All of this made Iran, then a monarchy ruled by Shah Mohammad Reza Pahlavi, largely irrelevant to Arab politics.

But the rise of a Shia theocratic state in Iran in 1979 changed everything. While pan-Arabism as a form of secular nationalism had not succeeded in unifying the Arab world to any degree, it did bind the Arabs in their belief of a common sense of destiny.

From now on, however, the main fault-line would become one older than any divisions between the Arab states formed in the 20th century: the historical Shia-Sunni split within Islam.

When Iraqi president Saddam Hussein was unable to forge a pan-Arab coalition to defeat Ayatollah Khomeini’s Shia state in the 1980s, it was clear the tide had turned.

Suddenly, the Persian state, using the banner of Shia religious unity, began to penetrate those parts of the Arab world with sizeable Shia Arab minorities.

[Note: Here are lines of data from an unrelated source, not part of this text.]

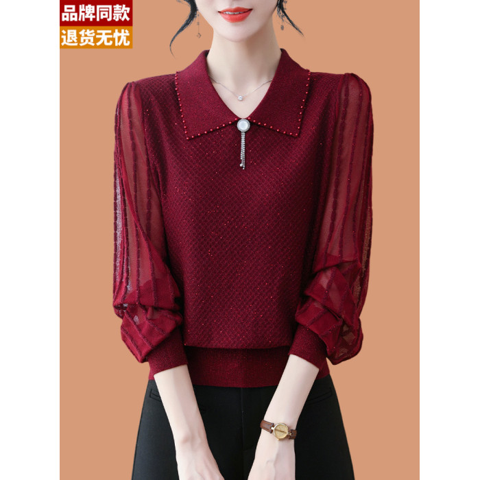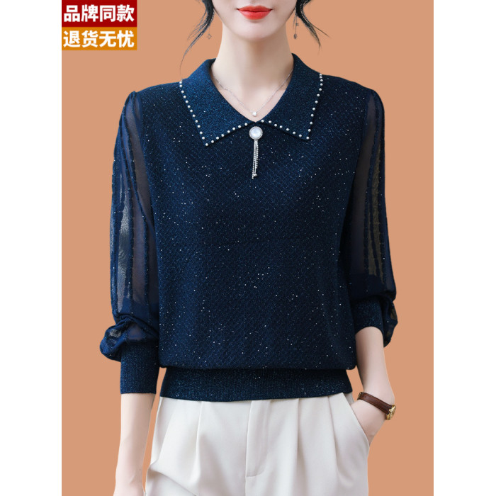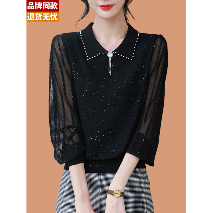 翻領冰絲針織衫長袖上衣女秋裝2025新款洋氣媽媽寬松薄紗袖打底衫
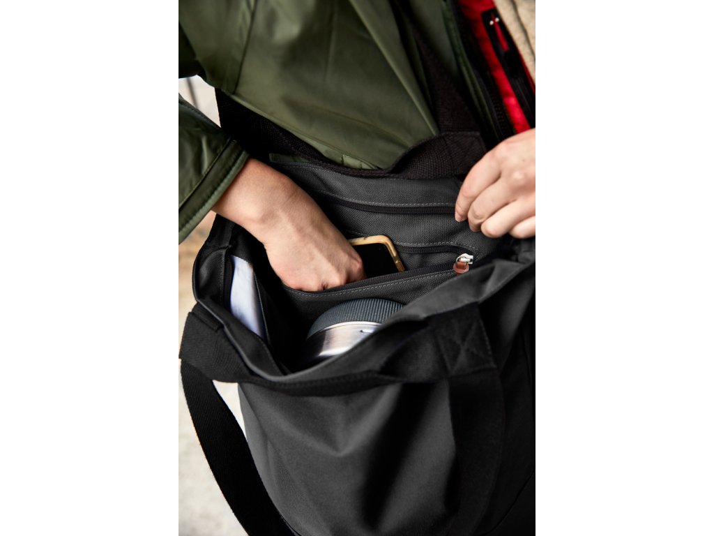 Při výrobě materiálu pro tuto tašku bylo recyklováno až 13 plastových lahví, takže můžete vypadat a cítit se dobře.
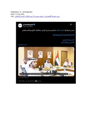 Publication: X – Al Khaleej Biz Date: 17 July 2025 Link: يلبقتسملا عسوتلا تابلطتم يعارت ةيرصع ميماصت ..»نامجع# ةيحايس« ىنبم
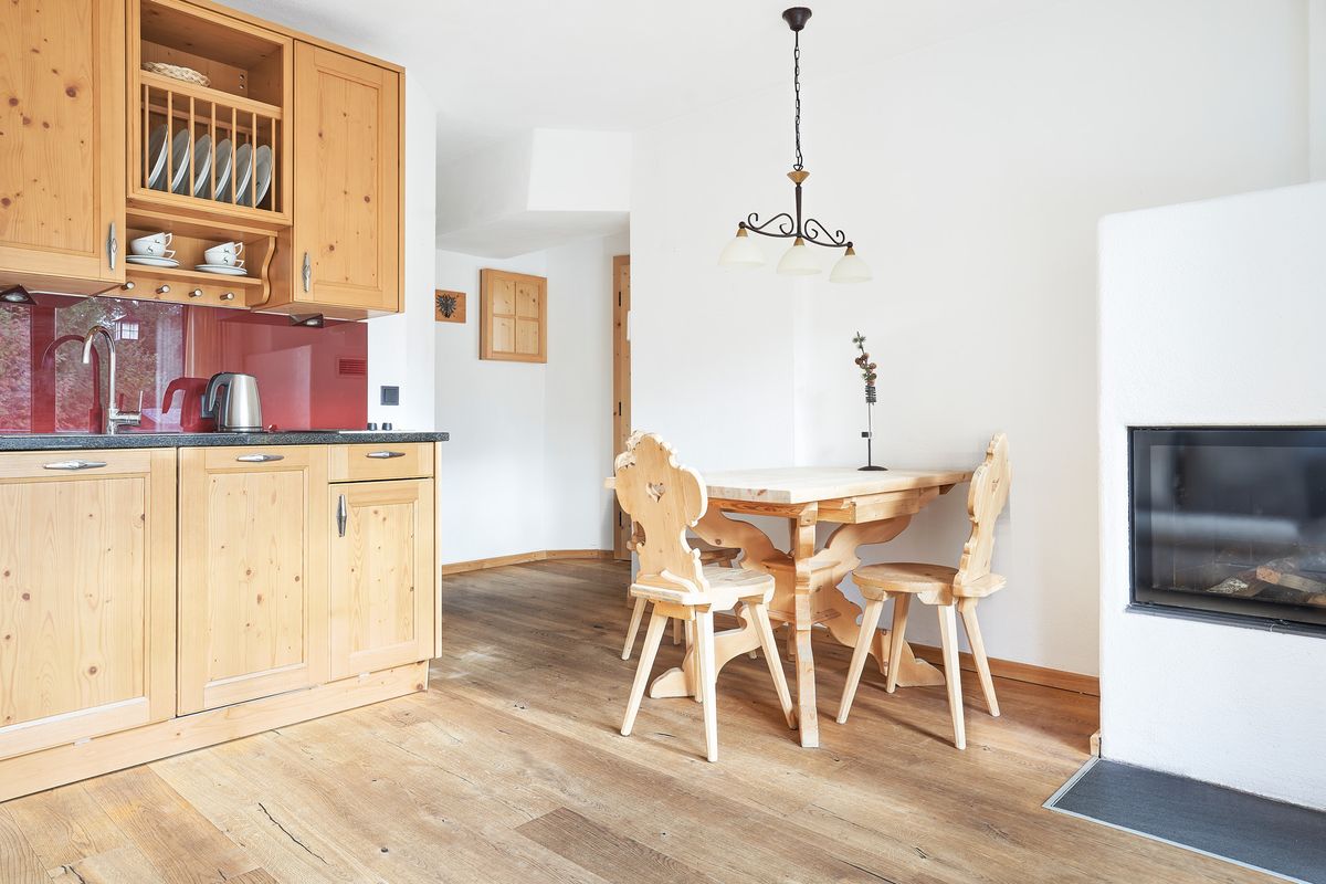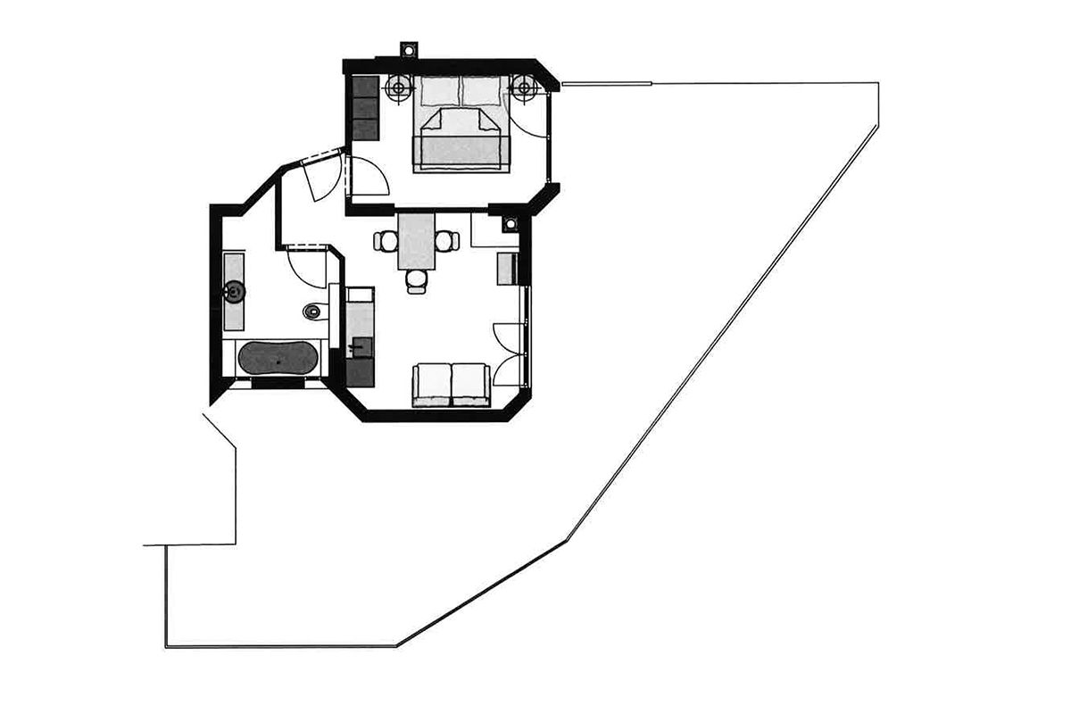 Der abgetrennte Wohnbereich ist mit einem verglasten Kamin, Fernseher sowie einer Küche mit Herd, großem Kühlschrank mit Gefrierfach, Mikrowelle, einer Kaffeemaschine, Toaster und Geschirrspüler ausgestattet. Im Schlafzimmer steht Ihnen ein Safe zur Verfügung. Das offen gestaltete Badezimmer verfügt über eine verglaste Dusche, Badewanne, Waschtisch, Föhn und WC.
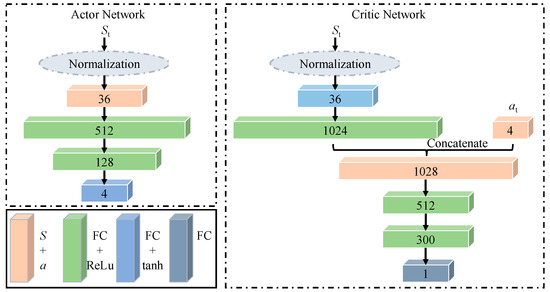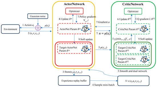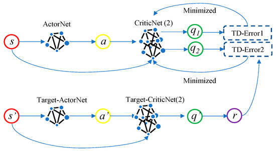 TD3 (Twin Delayed Deep Deterministic Policy Gradient Algorithm), an online off-policy deep RL method that is upgraded with DDPG is utilized to handle continuous control issues [34]. Essentially, the purpose of the TD3 algorithm is to include the Double Q-Learning algorithm into the DDPG algorithm. Combined with the concept of Double DQN, there are six networks in TD3, whose network structure is shown in Figure 7.
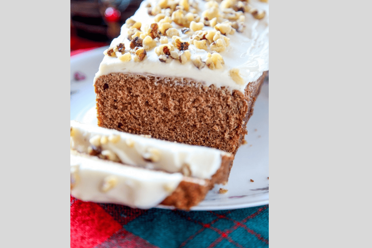 - Spread frosting evenly over the gingerbread loaf. Sprinkle with chopped walnuts if desired.
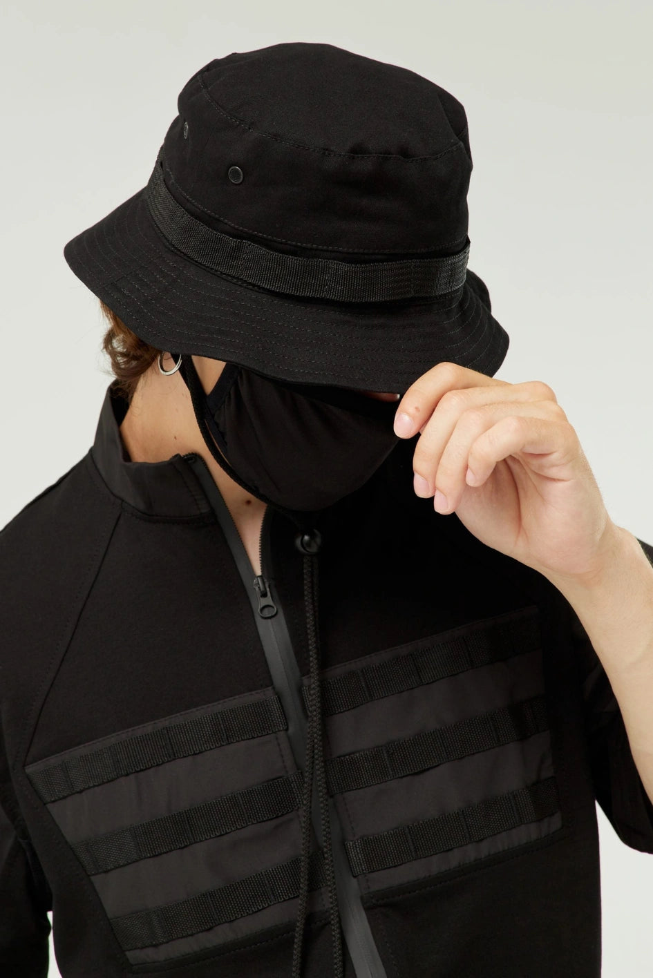 Klassischer Fischerhut im Military-Stil. Verfügt über eine Tasche mit Klappe und einen Kordelzug.
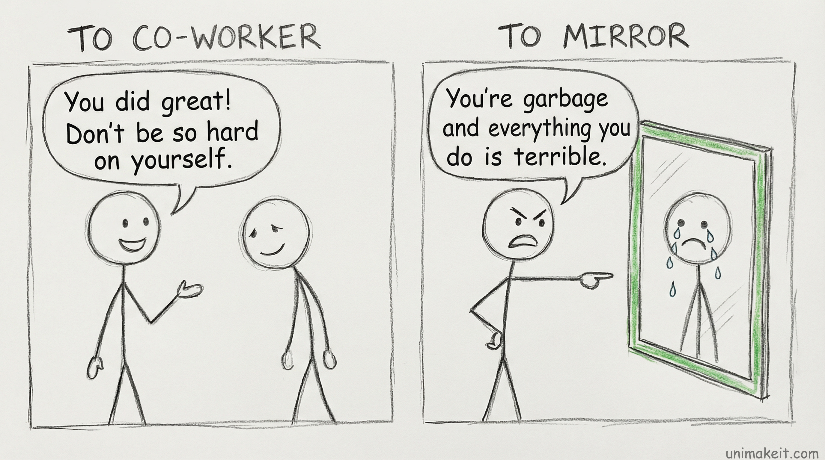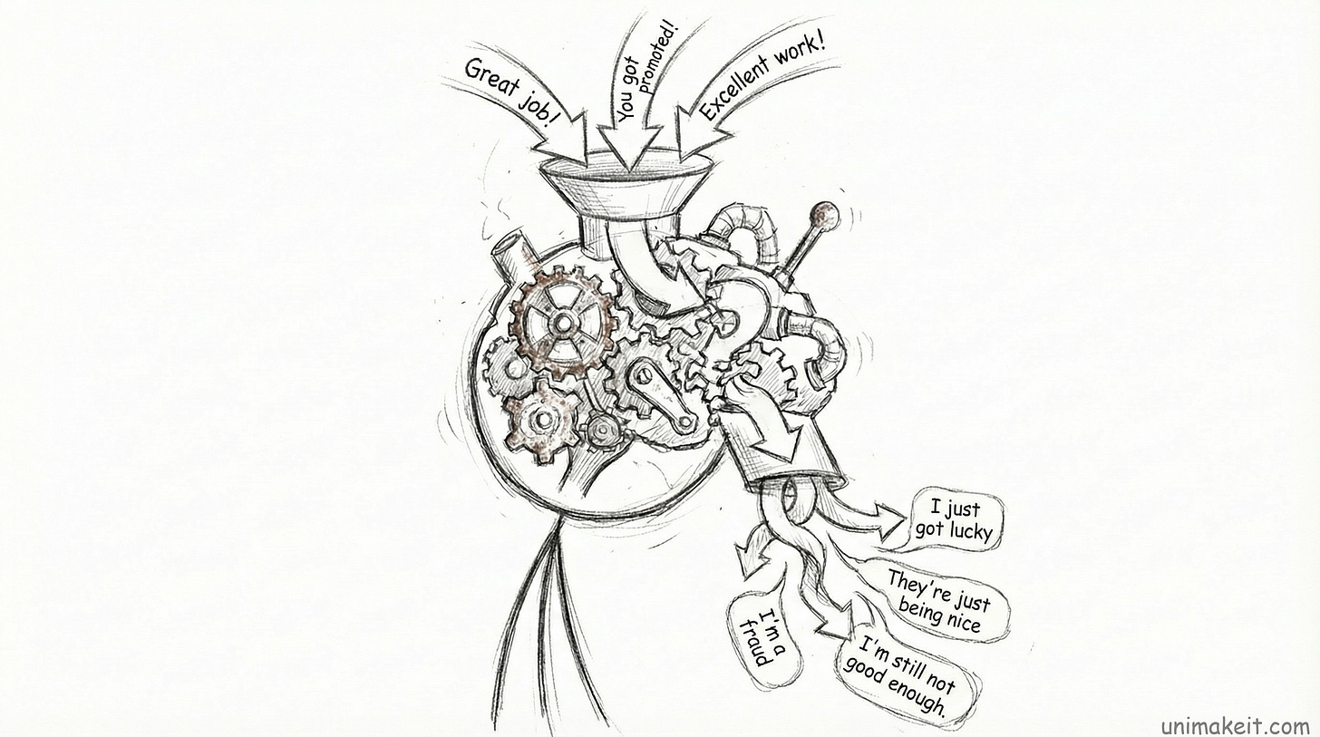 Your manager praises your work. Your brain translates: “They’re just being nice. They don’t really mean it.”
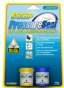 An epoxy based sealant intended for cracks, holes, and leaks caused by water pressure.
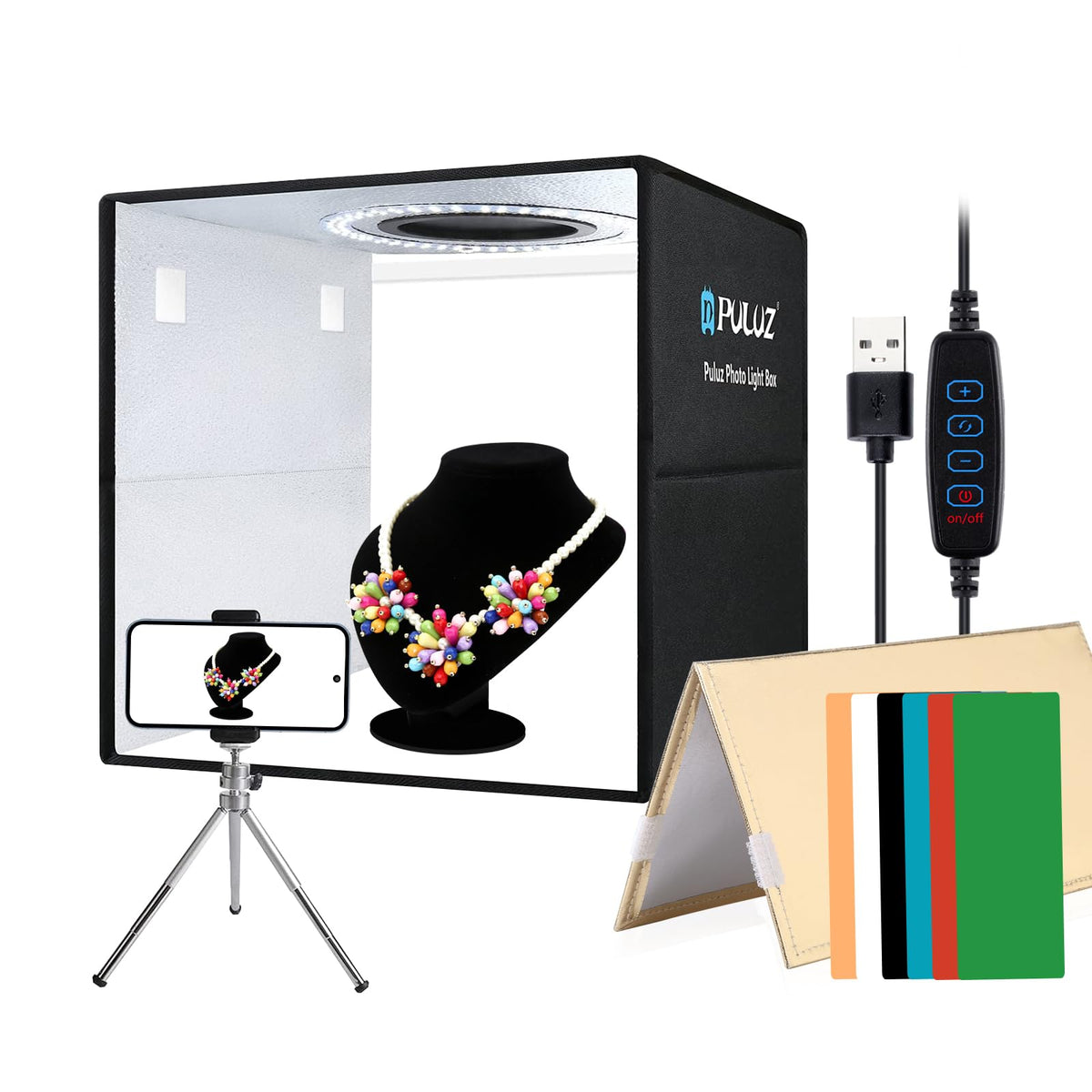 Puluz 12'' 12'' Portable Photography Light Box,Dimmable Photo Studio Light Box With 112 High Cri Led Lights & 6 Pvc Backdrops &

By the turn of the century, Hezbollah, representing the former downtrodden Shia Arabs in Lebanon, had taken effective control of that state. 

The American overthrow of Saddam Heussein’s Sunni-led dictatorship in Iraq in 2003 provided the Iranians with further gains; the Shia majority government in that fractured state has now become a vassal of Tehran.

Iran has taken advantage of the past six years of turmoil in the Arab world to steadily expand its reach and military capabilities. It commands the loyalties of tens of thousands in sectarian militias and proxy armies that are fighting in Syria, Iraq and Yemen. In the latter,Tehran has financed the Shia Houthis in a rebellion against a regime that has been a close ally of Saudi Arabia, the centre of Sunni Islam.

The final piece in the puzzle to create a Shia crescent is Syria, where Iran has been heavily involved in buttressing Bashar al-Assad’s Shia Alawite regime against various Sunni Islamist militant groups. 

So Iran is now in control of with swaths of territory running from the Persian Gulf to the Mediterranean Sea; and from the borders of NATO to the borders of Israel, and along the southern tip of the Arabian Peninsula.

Much of the west’s attention has been focused, understandably, on the various Sunni terrorist groups, such as al-Qaeda and the Islamic State. They have wreaked devastation across the region, and have also committed unspeakable terrorist crimes throughout Europe and the United States.

But abhorrent as they are, they will eventually be defeated. Their political extremism makes them unable to act with any sense of pragmatism and, lacking any major state support, they will fade away.

Think of them as the equivalent of murderous thugs in motorcycle gangs – dangerous, but in the end unable to withstand a concerted effort to check their activities.

Iran, however, is a major state with tremendous resources, and willing to play the long game. It has proved itself militarily proficient and politically adept in achieving its aims, and it goes from strength to strength. 

Its leaders are wily shape-shifters who keep their foes, including the United States, off-balance. They play the “good cop, bad cop” game to perfection.

The analogy regarding Iran might be with the Mafia and organized crime, with tentacles deep in society, and far more difficult to eliminate.